Directions = The entries below contain a line with "polished surface. |" and a line with "Так, председатель АКЗС". Quote exactly those two lines and all lines between them.

Available records =
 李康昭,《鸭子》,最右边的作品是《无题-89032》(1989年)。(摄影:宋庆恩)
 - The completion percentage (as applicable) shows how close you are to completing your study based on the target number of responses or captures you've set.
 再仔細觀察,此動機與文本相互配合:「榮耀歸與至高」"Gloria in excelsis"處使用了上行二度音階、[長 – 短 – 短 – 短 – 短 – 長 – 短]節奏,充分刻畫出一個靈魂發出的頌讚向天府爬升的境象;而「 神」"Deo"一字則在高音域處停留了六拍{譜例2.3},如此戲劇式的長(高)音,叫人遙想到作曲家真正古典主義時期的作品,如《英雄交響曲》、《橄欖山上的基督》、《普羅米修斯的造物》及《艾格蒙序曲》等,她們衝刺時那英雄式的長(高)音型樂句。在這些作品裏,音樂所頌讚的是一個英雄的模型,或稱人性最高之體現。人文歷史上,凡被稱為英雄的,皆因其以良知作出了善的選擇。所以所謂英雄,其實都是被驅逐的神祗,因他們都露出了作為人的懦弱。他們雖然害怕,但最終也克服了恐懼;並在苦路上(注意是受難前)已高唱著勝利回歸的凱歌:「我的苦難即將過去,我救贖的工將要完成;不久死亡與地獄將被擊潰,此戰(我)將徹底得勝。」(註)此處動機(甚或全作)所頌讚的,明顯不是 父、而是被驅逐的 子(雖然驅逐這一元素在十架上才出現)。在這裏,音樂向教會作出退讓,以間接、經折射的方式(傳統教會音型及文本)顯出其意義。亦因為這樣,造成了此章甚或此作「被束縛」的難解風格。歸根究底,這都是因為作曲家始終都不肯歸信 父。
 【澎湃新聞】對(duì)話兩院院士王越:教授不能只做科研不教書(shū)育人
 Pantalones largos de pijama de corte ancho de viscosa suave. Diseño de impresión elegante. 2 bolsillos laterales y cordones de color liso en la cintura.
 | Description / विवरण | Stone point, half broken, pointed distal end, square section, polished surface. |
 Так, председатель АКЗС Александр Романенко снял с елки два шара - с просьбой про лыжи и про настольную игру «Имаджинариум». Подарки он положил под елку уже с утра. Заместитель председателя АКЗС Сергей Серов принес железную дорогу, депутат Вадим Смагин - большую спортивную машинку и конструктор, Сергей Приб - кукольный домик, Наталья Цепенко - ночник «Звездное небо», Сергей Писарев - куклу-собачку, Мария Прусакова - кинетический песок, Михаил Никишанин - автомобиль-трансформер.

* * *

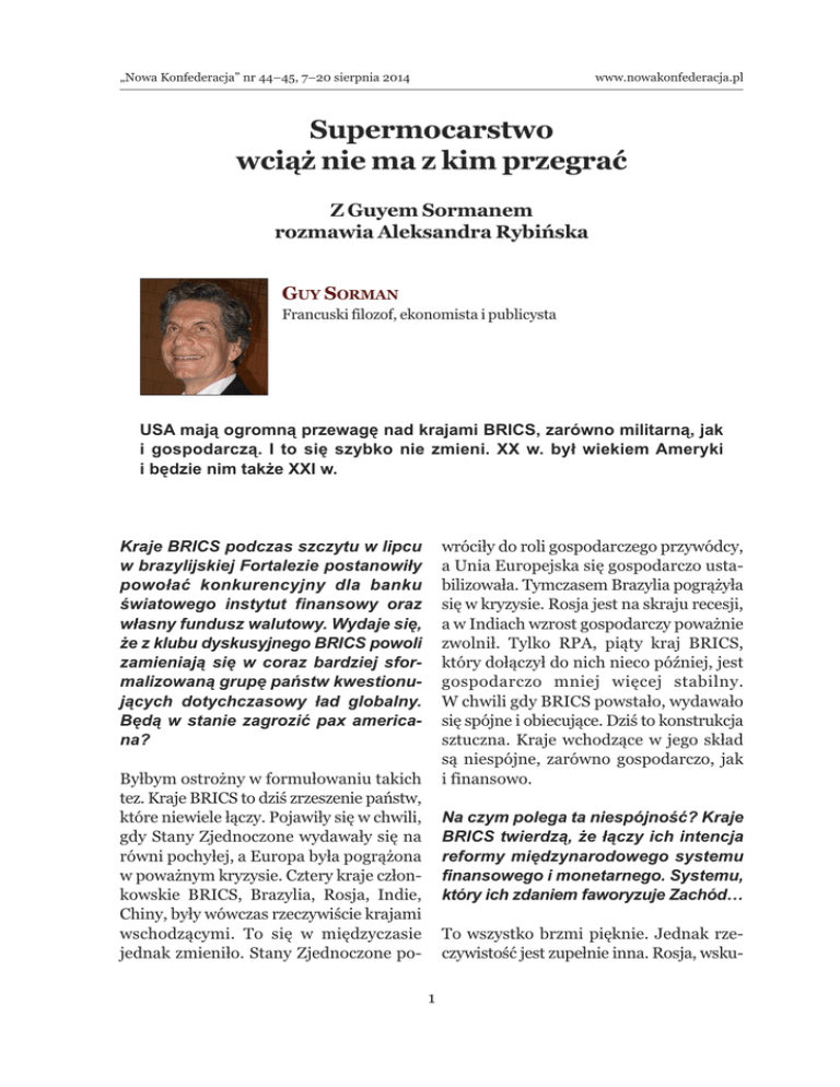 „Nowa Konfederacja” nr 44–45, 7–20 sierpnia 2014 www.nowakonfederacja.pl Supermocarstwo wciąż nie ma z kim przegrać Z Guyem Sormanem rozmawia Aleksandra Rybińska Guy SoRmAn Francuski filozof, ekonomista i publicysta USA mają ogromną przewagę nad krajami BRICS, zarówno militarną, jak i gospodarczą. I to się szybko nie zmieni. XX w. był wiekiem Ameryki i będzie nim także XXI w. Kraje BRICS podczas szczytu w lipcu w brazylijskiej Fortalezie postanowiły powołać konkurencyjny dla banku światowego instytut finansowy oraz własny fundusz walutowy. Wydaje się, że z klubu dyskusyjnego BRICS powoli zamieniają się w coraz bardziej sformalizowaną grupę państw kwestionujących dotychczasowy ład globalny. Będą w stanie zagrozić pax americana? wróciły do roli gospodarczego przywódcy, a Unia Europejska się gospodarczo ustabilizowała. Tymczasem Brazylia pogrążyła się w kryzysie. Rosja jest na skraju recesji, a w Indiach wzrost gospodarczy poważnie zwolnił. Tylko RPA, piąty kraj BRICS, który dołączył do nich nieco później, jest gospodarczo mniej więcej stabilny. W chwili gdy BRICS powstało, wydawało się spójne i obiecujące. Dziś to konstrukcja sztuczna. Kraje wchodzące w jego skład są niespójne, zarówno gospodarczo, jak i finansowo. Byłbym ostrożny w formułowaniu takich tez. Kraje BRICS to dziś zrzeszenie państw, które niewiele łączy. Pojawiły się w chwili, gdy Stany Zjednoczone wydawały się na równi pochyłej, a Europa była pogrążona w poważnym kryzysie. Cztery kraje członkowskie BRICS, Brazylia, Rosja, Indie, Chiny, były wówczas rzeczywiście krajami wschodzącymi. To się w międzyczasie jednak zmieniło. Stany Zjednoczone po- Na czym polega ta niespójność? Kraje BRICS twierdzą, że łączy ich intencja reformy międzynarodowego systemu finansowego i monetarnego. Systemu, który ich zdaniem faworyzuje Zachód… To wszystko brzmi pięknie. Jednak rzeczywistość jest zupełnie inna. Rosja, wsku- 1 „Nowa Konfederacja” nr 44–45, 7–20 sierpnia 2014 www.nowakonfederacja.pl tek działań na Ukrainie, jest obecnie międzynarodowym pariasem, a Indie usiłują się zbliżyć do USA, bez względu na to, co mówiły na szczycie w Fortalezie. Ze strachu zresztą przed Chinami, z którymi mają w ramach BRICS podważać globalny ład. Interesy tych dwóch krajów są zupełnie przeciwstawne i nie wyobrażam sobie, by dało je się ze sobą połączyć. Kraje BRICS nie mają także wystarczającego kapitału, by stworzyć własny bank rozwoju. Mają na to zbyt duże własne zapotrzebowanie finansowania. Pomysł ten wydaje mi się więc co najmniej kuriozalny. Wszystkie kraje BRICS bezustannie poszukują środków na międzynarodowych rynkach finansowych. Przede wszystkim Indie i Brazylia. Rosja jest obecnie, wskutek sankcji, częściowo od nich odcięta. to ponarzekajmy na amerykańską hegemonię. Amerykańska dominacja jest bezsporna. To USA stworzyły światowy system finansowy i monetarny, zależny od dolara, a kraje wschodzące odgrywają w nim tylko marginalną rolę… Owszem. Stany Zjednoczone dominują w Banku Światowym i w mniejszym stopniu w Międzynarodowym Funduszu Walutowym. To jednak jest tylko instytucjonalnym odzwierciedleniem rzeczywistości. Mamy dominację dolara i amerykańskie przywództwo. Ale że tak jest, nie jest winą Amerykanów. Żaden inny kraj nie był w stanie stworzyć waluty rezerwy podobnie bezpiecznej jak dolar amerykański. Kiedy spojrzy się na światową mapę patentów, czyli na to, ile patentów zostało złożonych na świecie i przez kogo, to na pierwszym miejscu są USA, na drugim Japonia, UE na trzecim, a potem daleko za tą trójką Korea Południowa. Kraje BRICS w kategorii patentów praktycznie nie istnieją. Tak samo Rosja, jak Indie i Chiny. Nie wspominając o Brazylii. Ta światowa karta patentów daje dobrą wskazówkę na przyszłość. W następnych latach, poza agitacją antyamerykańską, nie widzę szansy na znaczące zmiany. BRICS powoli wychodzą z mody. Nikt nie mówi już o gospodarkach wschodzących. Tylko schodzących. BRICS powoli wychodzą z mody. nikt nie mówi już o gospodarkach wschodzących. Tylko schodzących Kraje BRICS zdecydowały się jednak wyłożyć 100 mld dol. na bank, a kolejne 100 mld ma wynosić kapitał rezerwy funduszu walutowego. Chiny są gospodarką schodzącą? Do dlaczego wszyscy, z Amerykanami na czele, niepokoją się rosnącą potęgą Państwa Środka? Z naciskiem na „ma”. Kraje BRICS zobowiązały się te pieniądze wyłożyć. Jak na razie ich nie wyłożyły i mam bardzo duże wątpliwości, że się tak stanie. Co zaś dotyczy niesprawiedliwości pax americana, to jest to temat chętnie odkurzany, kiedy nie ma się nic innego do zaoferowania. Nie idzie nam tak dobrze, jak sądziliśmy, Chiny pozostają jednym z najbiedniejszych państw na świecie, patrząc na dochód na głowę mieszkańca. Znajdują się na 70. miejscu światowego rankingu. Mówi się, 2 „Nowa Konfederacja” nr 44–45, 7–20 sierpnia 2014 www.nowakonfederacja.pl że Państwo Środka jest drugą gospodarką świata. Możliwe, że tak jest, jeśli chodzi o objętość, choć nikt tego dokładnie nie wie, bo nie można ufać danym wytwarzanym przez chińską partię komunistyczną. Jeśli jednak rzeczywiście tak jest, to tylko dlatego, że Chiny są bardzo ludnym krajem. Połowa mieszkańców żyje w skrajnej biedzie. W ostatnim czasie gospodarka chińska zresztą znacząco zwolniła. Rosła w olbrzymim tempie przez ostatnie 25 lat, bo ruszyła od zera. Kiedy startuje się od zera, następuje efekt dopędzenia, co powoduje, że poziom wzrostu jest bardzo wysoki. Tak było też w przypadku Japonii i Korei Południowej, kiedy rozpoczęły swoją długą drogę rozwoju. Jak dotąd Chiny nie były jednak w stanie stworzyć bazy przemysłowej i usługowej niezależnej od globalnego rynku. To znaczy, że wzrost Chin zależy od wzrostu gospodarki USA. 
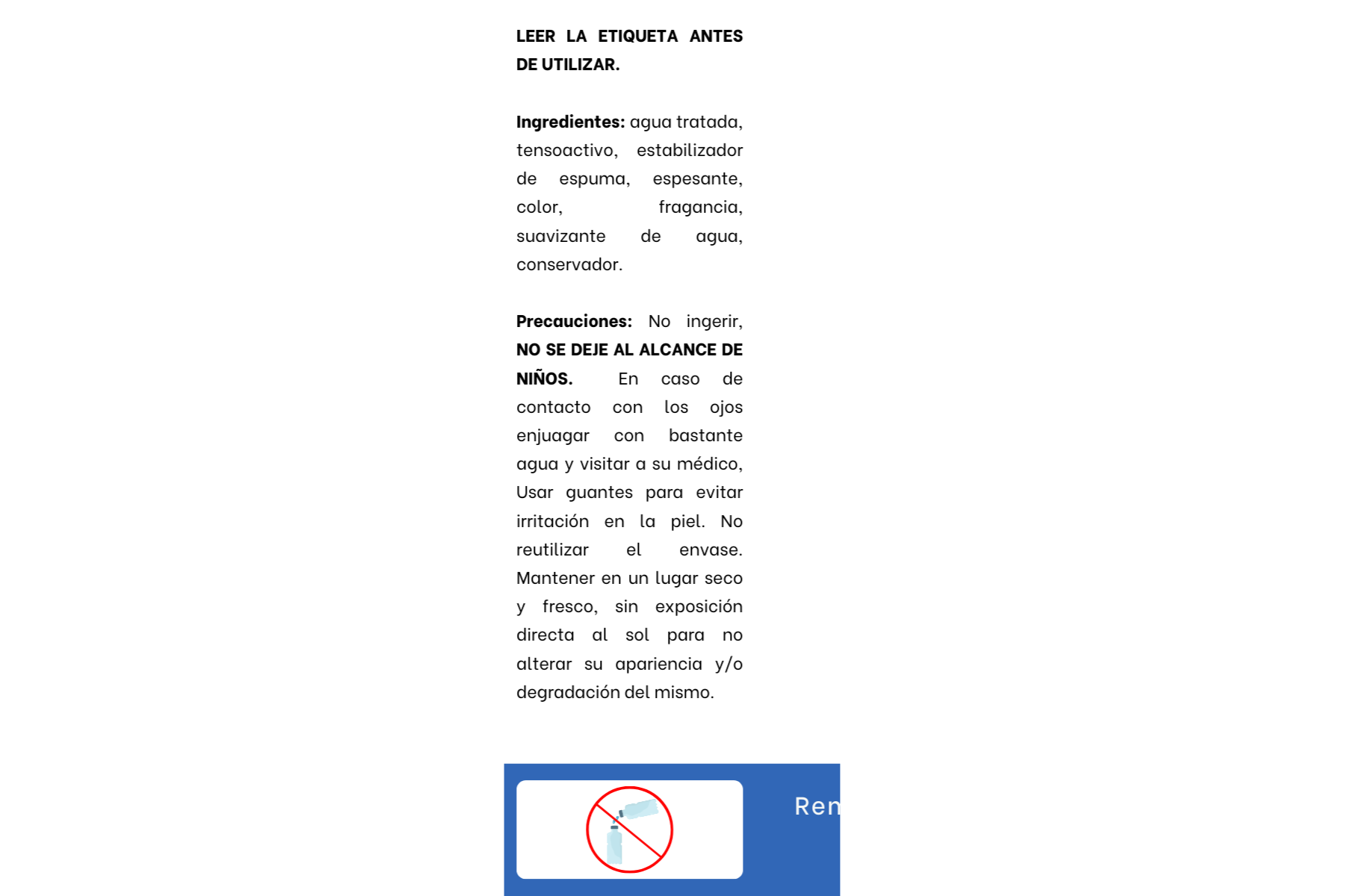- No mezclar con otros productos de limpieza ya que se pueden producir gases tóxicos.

Problem solution =
 | Description / विवरण | Stone point, half broken, pointed distal end, square section, polished surface. |
 Так, председатель АКЗС Александр Романенко снял с елки два шара - с просьбой про лыжи и про настольную игру «Имаджинариум». Подарки он положил под елку уже с утра. Заместитель председателя АКЗС Сергей Серов принес железную дорогу, депутат Вадим Смагин - большую спортивную машинку и конструктор, Сергей Приб - кукольный домик, Наталья Цепенко - ночник «Звездное небо», Сергей Писарев - куклу-собачку, Мария Прусакова - кинетический песок, Михаил Никишанин - автомобиль-трансформер.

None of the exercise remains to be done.